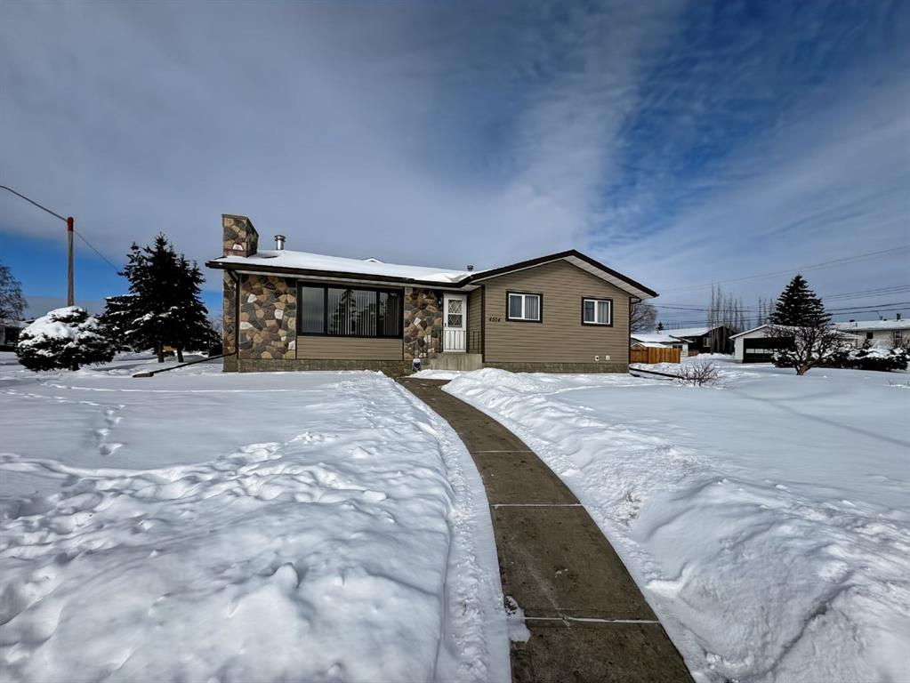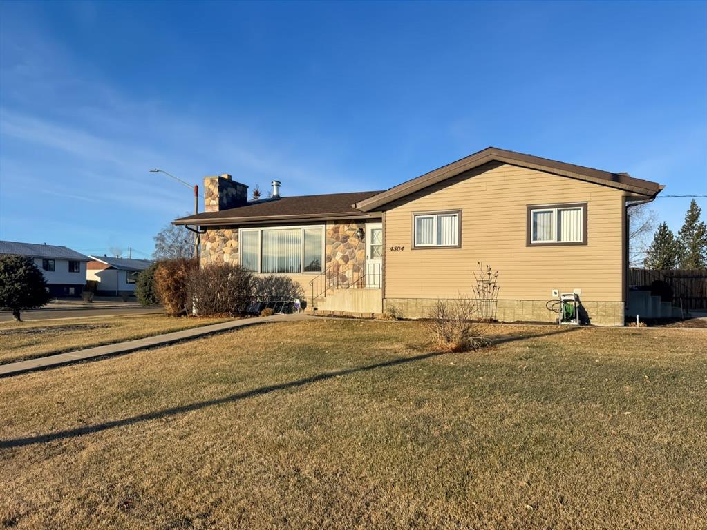 Welcome to this beautifully maintained, one-owner home in the heart of Mayerthorpe — proudly offered for sale for the very first time. Ideally located directly across from the hospital and just minutes from schools and shopping, this property combines convenience with timeless charm. You’re welcomed by a spacious front entry featuring a convenient 2-piece bath — perfect for guests or a quick clean-up after enjoying the outdoors. The vintage kitchen is full of character and comes equipped with newer appliances (updated within the last five years). The adjoining dining area is ideal for family dinners and entertaining, complete with fantastic built-ins that provide both additional storage and the perfect place to showcase decorative pieces. The bright front living room is flooded with natural light and centered around a beautiful fireplace, creating a warm and inviting focal point for gathering with family and friends. The main level offers three comfortable bedrooms, a large 4-piece bathroom, and plenty of storage throughout. Downstairs, the basement has long been the hub of family gatherings. This expansive space is perfect for movie nights, games, or even adding a pool table. A second wood-burning fireplace adds warmth and ambiance to the lower level. You’ll also find an additional 2-piece bath, utility room, and extra storage including cold storage. This home has seen numerous updates over the years, including exterior improvements such as siding, roof, eavestroughs, and main-level windows. Inside, the basement features new laminate flooring and a brand-new hot water tank for added peace of mind. Situated on a generous 9,000 sq. ft. corner lot, there’s ample room for extra parking and the potential to build a garage. The yard is landscaped with mature trees and shrubs, complemented by concrete walkways that add both charm and functionality. A rare opportunity to own a solid, lovingly cared-for home in an unbeatable location — ready to welcome its next family.
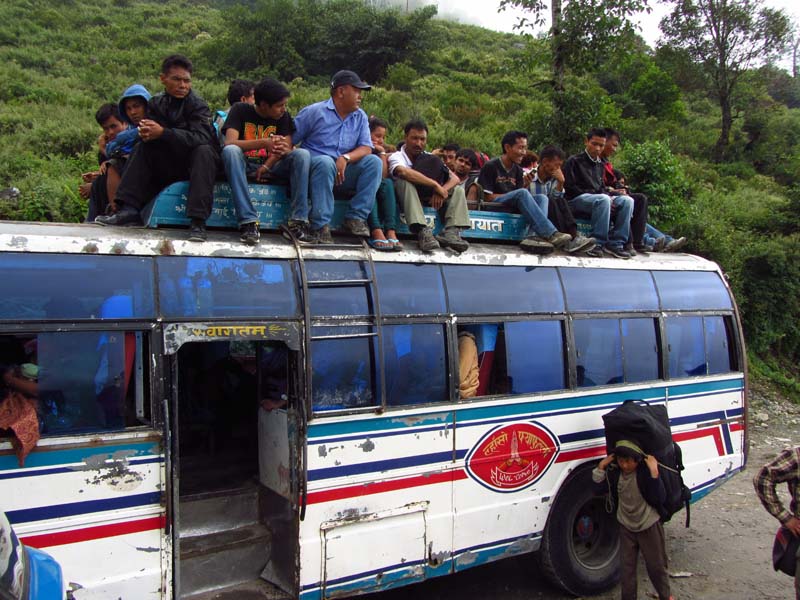 So kommt es wie es kommen musste: ab in den Localbus (immerhin waren wir drinnen, 40-50 Locals saßen auf dem Dach...)
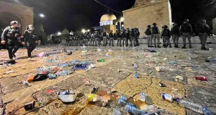 പുണ്യമാസമായ റമദാനിലെ അവസാന വെള്ളിയാഴ്ച ആചരിക്കാന് ആയിരക്കണക്കിന് ആളുകള് തടിച്ചുകൂടിയതിനെത്തുടര്ന്ന് വെള്ളിയാഴ്ച രാത്രിയോടെയാണ് ഇവിടെ സംഘര്ഷം ആരംഭിച്ചത്. സായാഹ്ന നമസ്കാരത്തിനുശേഷം ആയിരക്കണക്കിന് ഇസ്ലാം മതവിശ്വാസികള് കലാപം അഴിച്ചുവിടുകയും, സ്ഥിതിഗതികള് ശാന്തമാക്കാന് ബലം പ്രയോഗിച്ചുവെന്നുമാണ് ഇസ്രായേല് പോലീസ് പറയുന്നത്.
------------------------
What needs to be done:
What you return must match the data above exactly, with no images included.

Exercise solution:
 Welcome to this beautifully maintained, one-owner home in the heart of Mayerthorpe — proudly offered for sale for the very first time. Ideally located directly across from the hospital and just minutes from schools and shopping, this property combines convenience with timeless charm. You’re welcomed by a spacious front entry featuring a convenient 2-piece bath — perfect for guests or a quick clean-up after enjoying the outdoors. The vintage kitchen is full of character and comes equipped with newer appliances (updated within the last five years). The adjoining dining area is ideal for family dinners and entertaining, complete with fantastic built-ins that provide both additional storage and the perfect place to showcase decorative pieces. The bright front living room is flooded with natural light and centered around a beautiful fireplace, creating a warm and inviting focal point for gathering with family and friends. The main level offers three comfortable bedrooms, a large 4-piece bathroom, and plenty of storage throughout. Downstairs, the basement has long been the hub of family gatherings. This expansive space is perfect for movie nights, games, or even adding a pool table. A second wood-burning fireplace adds warmth and ambiance to the lower level. You’ll also find an additional 2-piece bath, utility room, and extra storage including cold storage. This home has seen numerous updates over the years, including exterior improvements such as siding, roof, eavestroughs, and main-level windows. Inside, the basement features new laminate flooring and a brand-new hot water tank for added peace of mind. Situated on a generous 9,000 sq. ft. corner lot, there’s ample room for extra parking and the potential to build a garage. The yard is landscaped with mature trees and shrubs, complemented by concrete walkways that add both charm and functionality. A rare opportunity to own a solid, lovingly cared-for home in an unbeatable location — ready to welcome its next family.
 So kommt es wie es kommen musste: ab in den Localbus (immerhin waren wir drinnen, 40-50 Locals saßen auf dem Dach...)
 പുണ്യമാസമായ റമദാനിലെ അവസാന വെള്ളിയാഴ്ച ആചരിക്കാന് ആയിരക്കണക്കിന് ആളുകള് തടിച്ചുകൂടിയതിനെത്തുടര്ന്ന് വെള്ളിയാഴ്ച രാത്രിയോടെയാണ് ഇവിടെ സംഘര്ഷം ആരംഭിച്ചത്. സായാഹ്ന നമസ്കാരത്തിനുശേഷം ആയിരക്കണക്കിന് ഇസ്ലാം മതവിശ്വാസികള് കലാപം അഴിച്ചുവിടുകയും, സ്ഥിതിഗതികള് ശാന്തമാക്കാന് ബലം പ്രയോഗിച്ചുവെന്നുമാണ് ഇസ്രായേല് പോലീസ് പറയുന്നത്.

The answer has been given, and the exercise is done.